(Records provided)

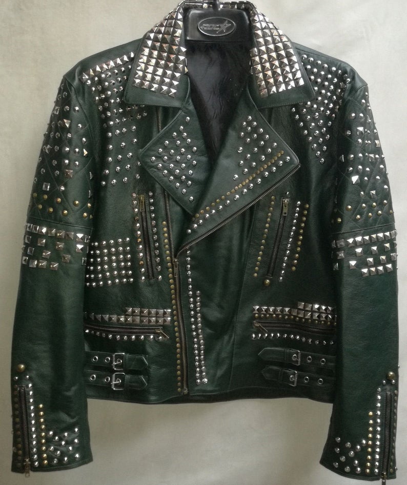 Fashion Jackets For Men Punk Style Studded Rock Style Real Leather Jacket All Sizes
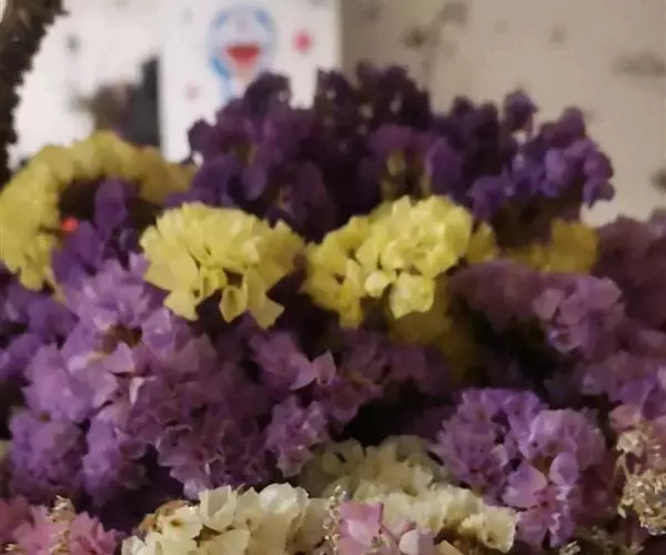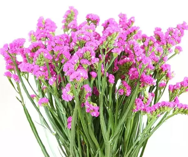 补血草(学名:Limonium sinense(Girard.) Kuntze),原产地中海地区,多年生草本,常作二年生栽培,全株具糙毛。叶丛生于茎基部,叶片大头羽裂。花序自基部分枝,呈伞房状聚伞圆锥花序,疏松,开张,花枝长,可达1米,花序枝具3~5翼,小花穗上有3~5朵花,着生于短而小的花一侧;花萼管状,干膜质,有紫、淡紫、玫瑰粉、蓝、红、白、黄各色。
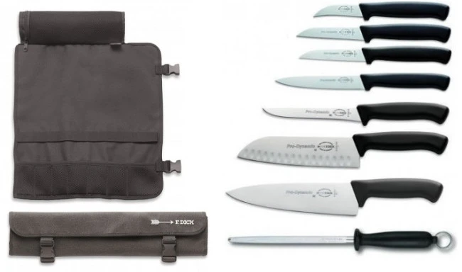 Valigetta arrotolabile di Dick completa di coltelli Dick Prodynamic, serie leggera disegnata per i cuochi con manico ergonomico.
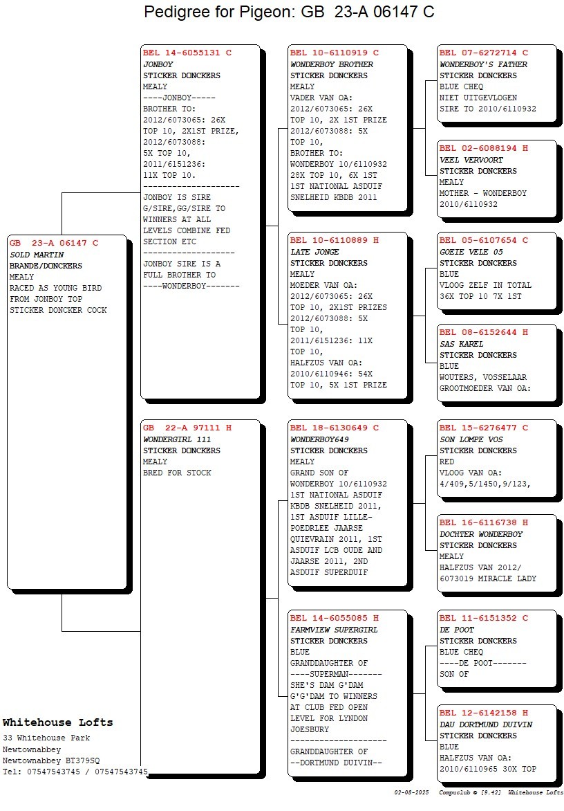 Www.PigeonPartners.Com will manage the internet auction at their website. All birds are currently undergoing a healthy moult and are in good health. The partnership have retained the services of a courier to assist with deliveries throughout Ireland (POA) and the UK (£120 for up to 9 birds). All birds will be supplied with a pedigree and transfer form.
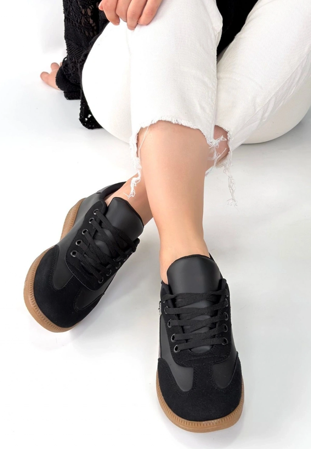 Mier Siyah Cilt Bağcıklı Spor Ayakkabı
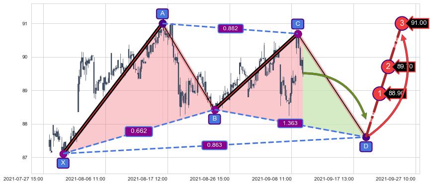 ➢ 距离预测D点位置尚有下跌空间,短线依然【看跌】, 耐心等待看涨【伽利】形态反转启动
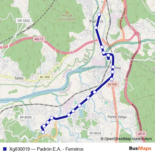 The first stop of the Xg830019 bus route is Padrón E.A. and the last stop is Ferreiros. Xg830019 (Padrón E.A. - Ferreiros) is operational during todos los días.
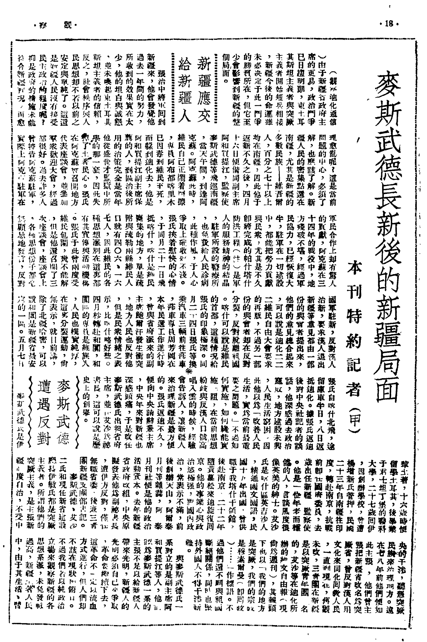مەزكۇر ماقالە بېسىلغان «كۈزىتىش» (观察) ژورنىلىنىڭ 1947-يىلى 21-ئىيۇن كۈنى نەشىر قىلىنغان 2-جىلد 17-سانىنىڭ مۇقاۋىسى
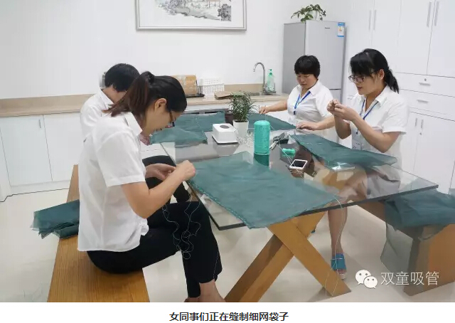 為此,我們的辦公室還發(fā)掘出了一批“繡娘”呢!辦公室的女同胞們?cè)谖苕さ慕M織下,全都手工縫制起了用于裝置活性炭的細(xì)網(wǎng)袋子!2016年最新款“雙童”手工袋,全球限量發(fā)行,你值得擁有!

(End Records provided)

Task description>
In the listing above, retype exactly, and only, the lines from the one containing "مەزكۇر ماقالە بېسىلغان" through the last line, both included. Omit the pictures.

Response box>
مەزكۇر ماقالە بېسىلغان «كۈزىتىش» (观察) ژورنىلىنىڭ 1947-يىلى 21-ئىيۇن كۈنى نەشىر قىلىنغان 2-جىلد 17-سانىنىڭ مۇقاۋىسى
 為此,我們的辦公室還發(fā)掘出了一批“繡娘”呢!辦公室的女同胞們?cè)谖苕さ慕M織下,全都手工縫制起了用于裝置活性炭的細(xì)網(wǎng)袋子!2016年最新款“雙童”手工袋,全球限量發(fā)行,你值得擁有!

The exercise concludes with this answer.